Ditengah-tengahnya terdapat suatu peninggian yang disebut eminenta
intercondyloidea.
2. Diaphysis (corpus)
Pada penampang melintang merupakan segitiga dengan puncaknya
menghadap ke muka, sehingga corpus mempunyai tiga sisi yaitu margo
anterior (di sebelah muka), margo medialis (di sebelah medial) dan crista
interossea (di sebelah lateral) yang membatasi facies lateralis, facies
posterior dan facies medialis.Facies medialis langsung terdapat dibawah
kulit dan  margo anterior di sebelah proximal.
3. Epiphysis distalis (ujung bawah)
Ke arah medial bagian ini kuat menonjol dan disebut maleolus medialis
(mata kaki). Epiphysis distalis mempunyai tiga dataran sendi yaitu dataran
sendi yang vertikal (facies articularis melleolaris), dataran sendi yang
horizontal (facies articularis inferior) dan disebelah lateral terdapat
cekungan sendi (incisura fibularis).
Fisiologi
Menurut Long, B.C, fungsi tulang secara umum yaitu :
1. Menahan jaringan tubuh dan memberi bentuk kepada kerangka tubuh.

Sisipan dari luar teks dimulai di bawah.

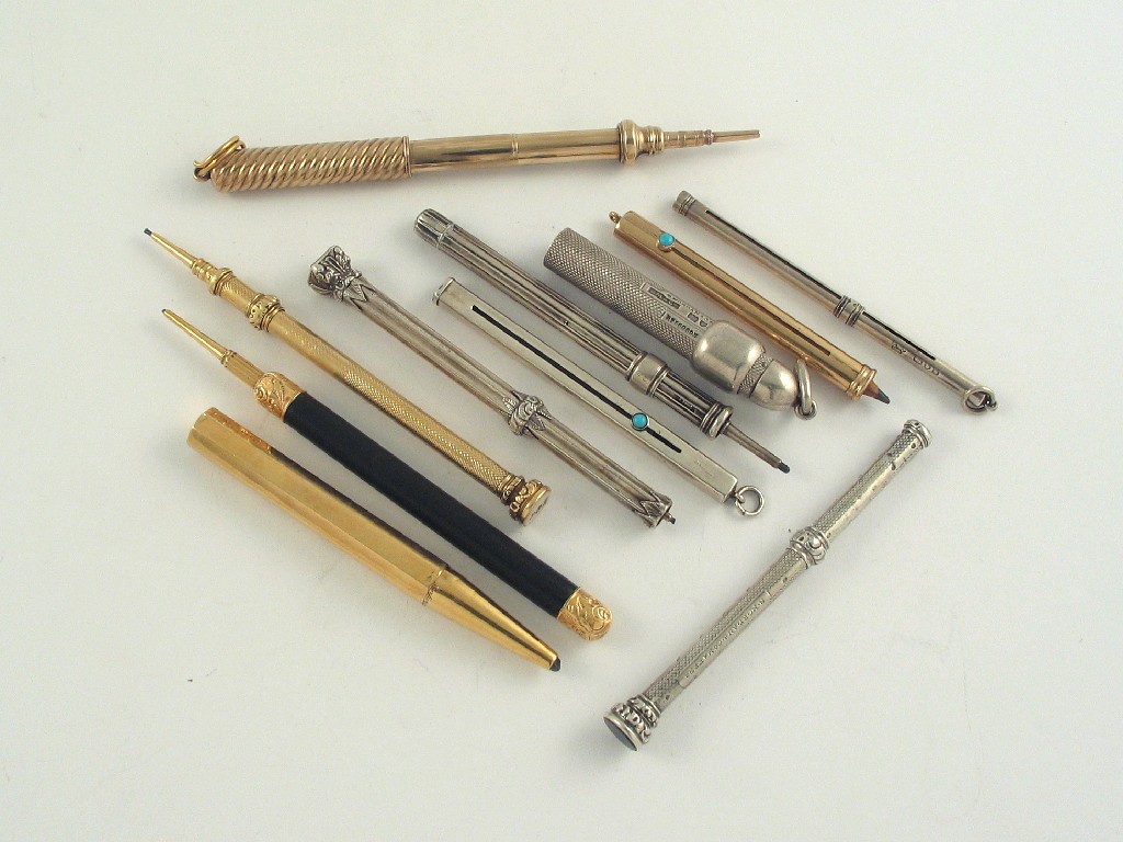 Eleven assorted telescope pencils, mixed designs, dates and makers, including one gilt metal example and some gold examples. (11)

2. Melindungi organ-organ tubuh (contoh:tengkorak melindungi otak)
3.  Untuk pergerakan (otot melekat kepada tulang untuk berkontraksi dan bergerak).
4. Merupakan gudang untuk menyimpan mineral (contoh kalsium dan posfor)
5. Hematopoiesis (tempat pembuatan sel darah merah dalam sum-sum tulang).

C. Etiologi
Menurut (Rasjad, 2009) penyebab paling utama fraktur tibia yang
disebabkan oleh pukulan yang membengkokkan sendi lutut dan merobek
ligamentum medialis sendi tersebut, benturan langsung pada tulang tibia misalnya
kecelakaan lalu lintas, serta kerapuhan struktur tulang. Penyebab terjadinya
fraktur yang diketahui adalah sebagai berikut :
1. Trauma langsung (direct)
Fraktur yang disebabkan oleh adanya benturan langsung pada jaringan tulang
seperti pada kecelakaan lalu lintas, jatuh dari ketinggian, dan benturan benda
keras oleh kekuatan langsung.
2. Trauma tidak langsung (indirect)
Fraktur yang bukan disebabkan oleh benturan langsung, tapi lebih disebabkan
oleh adanya beban yang berlebihan pada jaringan tulang atau otot , contohnya
seperti pada olahragawan atau pesenam yang menggunakan hanya satu
tangannya untuk menumpu beban badannya.
3. Trauma pathologis
Fraktur yang disebabkan oleh proses penyakit seperti osteomielitis,
osteosarkoma, osteomalacia, cushing syndrome, komplikasi kortison / ACTH,
osteogenesis imperfecta (gangguan congenital yang mempengaruhi
pembentukan osteoblast). Terjadi karena struktur tulang yang lemah dan
mudah patah.
a. Osteoporosis terjadi karena kecepatan reabsobsi tulang melebihi kecepatan
pembentukan tulang, sehingga akibatnya tulang menjadi keropos dan
rapuh dan dapat mengalami patah tulang.
b. Osteomilitis merupakan infeksi tulang dan sum-sum tulang yang
disebabkan oleh bakteri piogen dimana mikroorganisme berasal dari fokus
ditempat lain dan beredar melalui sirkulasi darah.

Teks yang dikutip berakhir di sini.